De l’aide en un clic : améliorer la santé mentale avec une thérapie cognitivo-comportementale par Internet

La moitié de tous les Canadiens connaîtra un problème de santé mentale avant l'âge de 40 ans. Bien que ces problèmes soient courants, il peut parfois être ardu de trouver de l'aide professionnelle, particulièrement pour les Canadiens qui vivent en région rurale ou éloignée.

« J'ai tellement de patients qui ont laissé s'écouler des années avant d'aller chercher de l'aide en santé mentale, souvent à cause des barrières auxquels ils faisaient face en tentant d'avoir accès à de l'aide adéquate, explique la Dre Heather Hadjistavropoulos, psychologue agréée titulaire d'un doctorat et professeure à l'Université de Regina. Par exemple, beaucoup d'entre eux vivent en région rurale ou éloignée, ce qui complique le processus de recherche d'aide et le déplacement vers les rendez-vous. De plus, malheureusement, la stigmatisation qui entoure la santé mentale est toujours bien réelle et peut en décourager certains. »

L'existence de ces obstacles a poussé la Dre Hadjistavropoulos à examiner la possibilité de la thérapie cognitivo-comportementale par Internet (TCCi) comme solution pour les Canadiens ayant des problèmes de santé mentale, particulièrement ceux qui vivent à l'extérieur des grandes villes. La thérapie cognitivo-comportementale traditionnelle (TCC) a lieu en personne, habituellement sur une courte période (5 à 20 séances), et est extrêmement efficace pour traiter la dépression, l'anxiété, le mésusage de l'alcool, les troubles de l'alimentation et d'autres problèmes. La grande question pour la Dre Hadjistavropoulos lorsqu'elle a commencé ses recherches était de savoir si l'on pouvait obtenir le même degré de réussite en utilisant des méthodes et des outils virtuels, et quels étaient les moyens efficaces d'offrir ces services au sein du système de soins de santé mentale.

« La TCC traditionnelle vise à aider les patients à rompre leurs schémas de pensée négative habituels, à modifier leurs comportements et à développer des compétences de résolution de problèmes pour composer avec les situations difficiles, explique la Dre Hadjistavropoulos. La thérapie se fait habituellement dans un contexte de collaboration entre le patient et le thérapeute, aussi la démarche devient-elle rapidement très personnalisée. C'est en partie pourquoi ça fonctionne. Je savais donc que l'idée de reproduire ces résultats avec la TCCi, bien que réalisable, allait demander du perfectionnement pour nous assurer qu'elle peut répondre aux besoins des Canadiens et s'intégrer aux pratiques habituelles de soins de santé mentale. »

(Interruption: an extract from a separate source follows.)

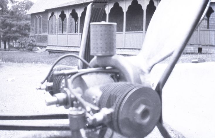 Negative of a medium-sized propeller and motor. The side of St. Luke's Church can be seen in the background. Most likely taken by Mary Ives Baldwin. This item is not fully cataloged but has been uploaded so the image is publicly available; if you would like us to prioritize cataloging this item, please contact the HSL Collections team.
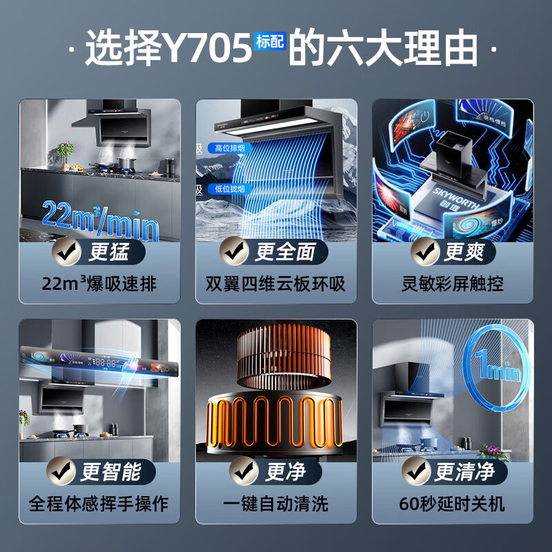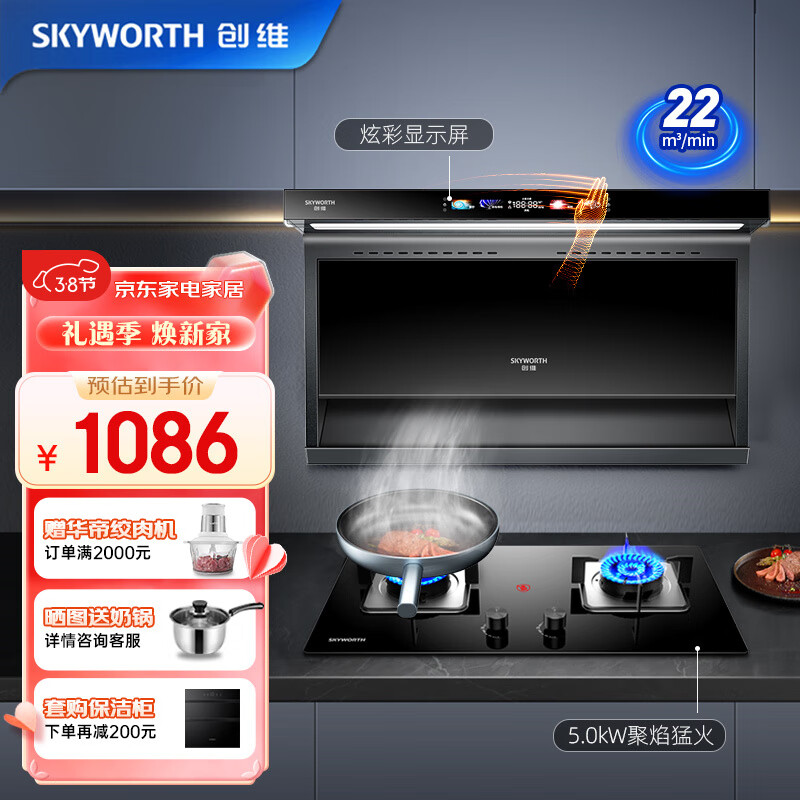 创维(Skyworth)顶侧双吸7字 抽吸油烟机灶具套装家用 大吸力排油烟机燃气灶套餐烟灶自动清洗Y705+Z50BS-1液化气价格:1086.00元!

En 2010, elle a fondé et lancé l'Online Therapy Unit (Unité thérapeutique en ligne), établie à l'Université de Regina. Le modèle proposait un volet service de TCCi et un volet recherche, qui servirait à améliorer continuellement le service avec le temps.

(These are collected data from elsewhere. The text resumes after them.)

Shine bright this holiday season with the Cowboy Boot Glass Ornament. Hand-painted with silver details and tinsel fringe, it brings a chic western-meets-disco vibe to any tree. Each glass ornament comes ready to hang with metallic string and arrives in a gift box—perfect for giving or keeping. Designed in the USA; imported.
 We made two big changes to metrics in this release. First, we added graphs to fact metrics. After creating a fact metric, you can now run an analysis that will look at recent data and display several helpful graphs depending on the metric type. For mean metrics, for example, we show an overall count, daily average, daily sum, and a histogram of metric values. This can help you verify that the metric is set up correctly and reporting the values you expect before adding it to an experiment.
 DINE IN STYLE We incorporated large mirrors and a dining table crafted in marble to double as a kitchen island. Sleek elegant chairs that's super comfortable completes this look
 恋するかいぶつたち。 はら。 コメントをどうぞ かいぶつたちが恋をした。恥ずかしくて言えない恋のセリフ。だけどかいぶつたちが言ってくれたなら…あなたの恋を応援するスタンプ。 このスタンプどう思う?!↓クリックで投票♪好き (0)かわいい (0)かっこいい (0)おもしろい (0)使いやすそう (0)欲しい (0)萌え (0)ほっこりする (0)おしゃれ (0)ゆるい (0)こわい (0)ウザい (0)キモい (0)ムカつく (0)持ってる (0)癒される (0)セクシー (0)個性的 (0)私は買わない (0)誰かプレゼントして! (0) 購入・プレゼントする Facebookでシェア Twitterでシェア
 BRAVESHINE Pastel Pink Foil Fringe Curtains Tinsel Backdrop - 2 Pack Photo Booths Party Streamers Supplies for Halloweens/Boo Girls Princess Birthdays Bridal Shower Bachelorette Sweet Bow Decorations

Connecter les patients à l'aide dont ils ont besoin, virtuellement

Les premières recherches ont montré que la TCCi pouvait se révéler assez efficace, mais la Dre Hadjistavropoulos insiste sur le fait que cette méthode n'est pas universelle, c'est-à-dire que tous les programmes de TCCi ne peuvent fonctionner pour tous les patients.

« Avec la TCCi, on ne parle pas simplement de transférer la thérapie en personne à des rencontres en ligne par visioconférence pour recréer une séance traditionnelle, explique-t-elle. La TCCi, comme approche de thérapie régie par des normes, comporte un plan de leçons structuré et des exercices individuels accessibles en ligne que les patients peuvent mettre en application dans leur vie quotidienne. En ce sens, le contexte est très important; il faut s'assurer que ces ressources numériques répondent réellement aux besoins des patients, et c'est là qu'entre en jeu le gros de la recherche. »

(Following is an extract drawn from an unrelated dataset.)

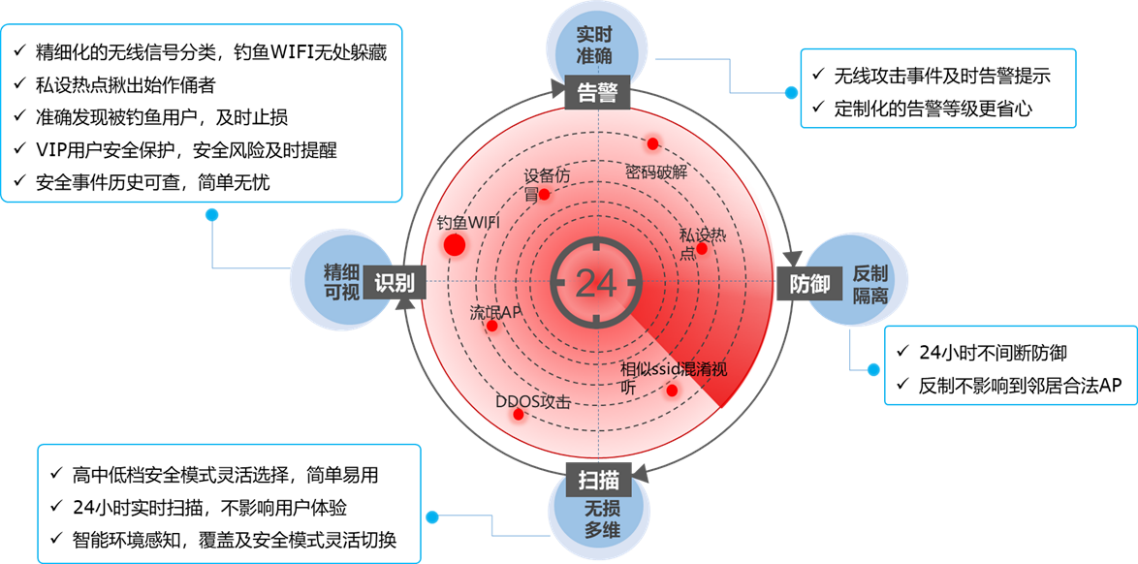 非法AP危害巨大,但要准确防控有一定难度:第一,相似度高难以辨别,非法AP为了避免被发现,利用类似字符,设置的SSID和合法的SSID非常相似,例如“0”和“o”,“l”等,难以发现;第二,资源占用过高,影响正常通讯。要保证及时监控,必须实时扫描,而这会占用现有的无线空口资源,使得正常的无线网络使用受到限制;第三,双频防护更复杂,目前日常使用的无线射频有2.4G和5G两个频段,要彻底防止非法AP,必须两个频段同时进行防护;第四,发现与处置需连贯,防止损失扩大,对于非法AP不仅要及时发现,还要及时对其进行反制和定位,切断感染源,阻止损失继续扩大。

Ses propres recherches ont commencé il y a une décennie, lorsqu'elle et son équipe de l'Online Therapy Unit ont adapté un programme de TCCi conçu développé à l'Université Swinburne, en Australie. L'objectif : tester l'efficacité de la TCCi et mieux comprendre les applications du programme en contexte canadien. Des modifications mineures ont été apportées au contenu, notamment le vocabulaire, afin de cadrer avec le contexte saskatchewanais. Les participants étaient alors invités à essayer ce modèle, qui comportait un plan de leçons structuré qui s'étendait sur 12 semaines, avec des contacts hebdomadaires par courriel avec un thérapeute.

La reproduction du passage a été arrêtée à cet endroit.